Fantasy Sports League or Real-Life Gambling?

By Tresa Baldas
The National Law Journal
08-21-2006



A Colorado attorney is taking on the world of fantasy sports in a first-of-its-kind lawsuit that raises a controversial question: Are these pretend sports just another form of gambling?

That's what Charles E. Humphrey Jr. claims in a lawsuit that alleges that media including the ESPN cable network, CBS and The Sporting News are getting away with illegal gambling by hosting pay-to-play fantasy leagues, complete with big cash prizes and wide-screen TVs.

At the heart of his complaint is that fantasy sports -- a $1.5 billion industry with more than 15 million players -- are games of chance, not skill, and therefore qualify as gambling. Humphrey v. Viacom Inc., No. 2:33-av-00001 (D.N.J.). Humphrey is being represented by the class action firm Gardy & Notis in Englewood Cliffs, N.J.

The lawsuit has raised some commotion in the fantasy sports industry, which has invited a team of attorneys to discuss the potential impact of the suit at the 14th Fantasy Sports Trade Conference in Las Vegas on Aug. 30.

"People of course are nervous about [the lawsuit] but the general feeling in the industry is that fantasy sports are not gambling," said Glenn Colton of the New York office of Palo Alto, Calif.'s Wilson Sonsini Goodrich & Rosati, who will speak at the conference.

Colton, who also represents the Fantasy Sports Trade Association, doesn't believe Humphrey's suit will succeed.

"I think that the premise that [a fantasy sport] is more chance than skill is simply wrong," Colton said. "There are very large number of ways in which someone can skillfully and intellectually predict how a player is going to perform."

For example, Colton said, a fantasy football player can study offensive coordinators' techniques, evaluate who gets the ball more often -- wide receivers or running backs -- or study a quarterback's performance.

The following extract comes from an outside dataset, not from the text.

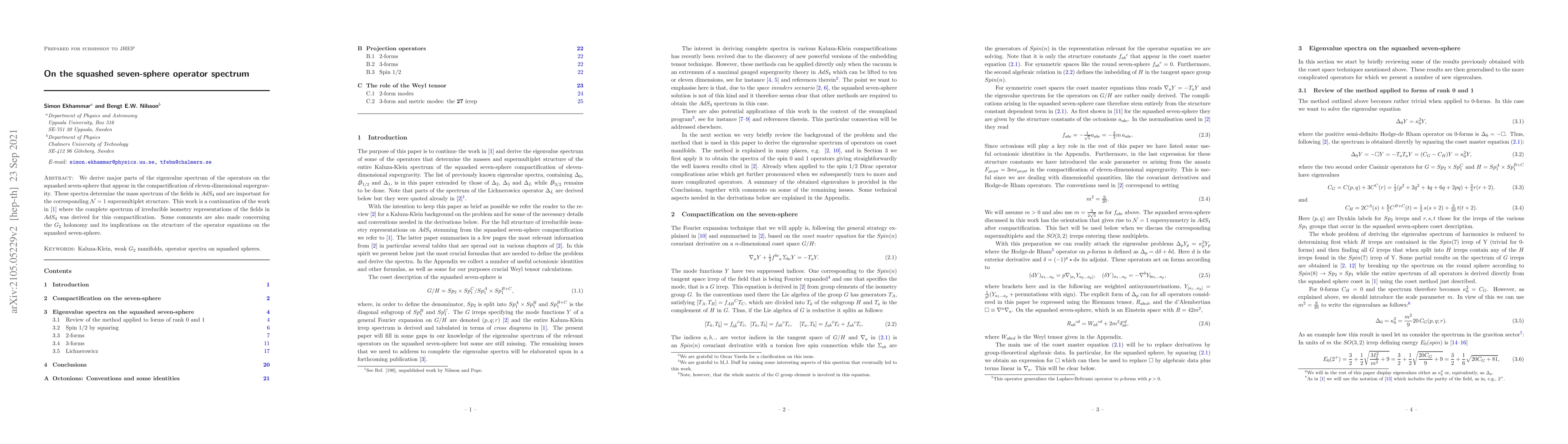 Researchers derive key parts of the eigenvalue spectrum of operators on the squashed seven-sphere, crucial for understanding mass spectra in $AdS_4$ supergravity theory.

"That's skill, not luck," Colton said, noting that a bill is pending in Congress that would declare fantasy sports a legal business, not gambling.

Humphrey disagrees, arguing that fantasy players can often lose because of circumstances beyond their control, like plain bad luck.

For example, he said, if a baseball pitcher throws out his arm, or a football player twists an ankle, or a coach pulls out a star player to give him a break -- all of those circumstances are beyond the player's and bettor's control. "A player can perform well or poorly based on circumstances out of their control and out of the control of the bettor," Humphrey said. "This falls into a game of chance."

Humphrey filed his suit in federal court in New Jersey under that state's gambling loss recovery statute, which allows a "private attorney general," or qui tam plaintiff, to recover half of gambling losses, with the other half going to the state. Six other states, and the District of Columbia, have similar laws allowing a third party to recover gambling losses -- Georgia, Kentucky, Illinois, Massachusetts, Ohio and South Carolina.
Humphrey's complaint centers on pay games offered by CBS Sportsline.com, ESPN.com and SportingNews.com. All three companies declined comment.

Humphrey said his message to the fantasy sponsors is "real simple -- if you want to do it for fun, more power to you. If you want to gamble on it, comply with the gambling laws." James Notis, one of the attorneys at Gardy & Notis handling the case, did not return calls seeking comment.

NOT 'IMMORAL'
Michael McCann, who teaches sports law at Mississippi College School of Law, does not think Humphrey's suit will prevail.

"Fantasy sports just don't strike people as immoral. Even if his argument is technically correct, it lacks the moral weight that is so crucial in many other litigations," McCann said. He added that the name of the game itself -- fantasy -- "suggests that it's not real, that there's an innocence to it."
Attorney Rudy Telscher of Harness, Dickey & Pierce in St. Louis recently won a case on behalf of a baseball fantasy league operator suing over the rights to use player statistics.

Major League Baseball argued that fantasy leagues needed a license to use the information. But on Aug. 8, a federal judge ruled that fantasy baseball operators do not need licenses to operate such leagues. C.B.C. Distribution and Marketing v. Major League Baseball Advanced Media, No. 4:05-CV-00252 (E.D. Mo.).

Telscher said that the ruling was a big win for fantasy operators, which would have had to shut down had the judge ruled otherwise, and for fantasy players, who may have had to start paying fees for player statistics. "I think a loss would have definitely crippled [the fantasy industry]," he said.